# CanoScan Lide 25 Installation [SOLVED]

## koelle

Hello,

i just bought a new Scanner. CanoScan Lide 25. It's not listed on the sane-projects.org website. Since it's the predecessor of the Lide 20 which is fully supported and I read somewhere else that it works with Linux I thought I'd risk to buy it.

Yet I don't get it work. I followed the instructions in the following HOWTO:

http://gentoo-wiki.com/HOWTO_Installing_USB_Scanner

I did have the Coldplug startup error, but could solve it. I also use udev.

My scanner is found by sane-find-scanner -q:

 *Quote:*   

> found USB scanner (vendor=0x04a9 [Canon], product=0x2220 [CanoScan], chip=LM9832/3) at libusb:003:006

 

Since the Lide20 uses the plustek backend, I also used it for my Lide25. That's what i edited:

 *Quote:*   

> usb 0x04a9 0x2220
> 
> evice /dev/usbscanner

 

scanimage -L does not find my scanner.

Does someone have any experiences with this scanner and can help me to get it running.

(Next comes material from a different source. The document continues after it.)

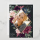Elegant floral photo graduation announcement features a vertical photo in a diamond shaped frame of watercolor flowers and foliage in rich shades of dusty rose pink, burgundy plum purple, sage green, and dusty dark blue with rose gold foil trim. Personalise with your graduate's name, class year, and school. Add a personal message to the back, along with an additional photo.

XSane doesn't find the scanner either...

greetings koelleLast edited by koelle on Mon Sep 19, 2005 5:05 pm; edited 1 time in total

----------

## koelle

I now discovered that the Lide25 ist supported with the sane-backends-1.0.16-cvs.

I now use the ~x86 version from the portage trey:

/etc/portage/package.keywords:

 *Quote:*   

> media-gfx/sane-backends ~x86

 

Now I have sane-backends-1.0.16-r2 installed and it works as root, but not as normal user. scanimage -L still does not find the scanner.

How can I get the scanner working as normal user. I'm using udev. My user is in the scanner group. Here's the scanner section from /etc/udev/permissions.d/50-permissions:

 *Quote:*   

>  scanner devices
> 
> scanner:root:scanner:0660
> 
> usb/scanner*:root:scanner:0660

 

greetings koelle

----------

## koelle

Hi,

now scanimage -L does find the scanner, but i cannot use it with xsane as normal user...

----------

## koelle

Hey there,

i managed to get the scanner working. I just had to add the user to the group "usb" because of the permissions.

greetings koelle

----------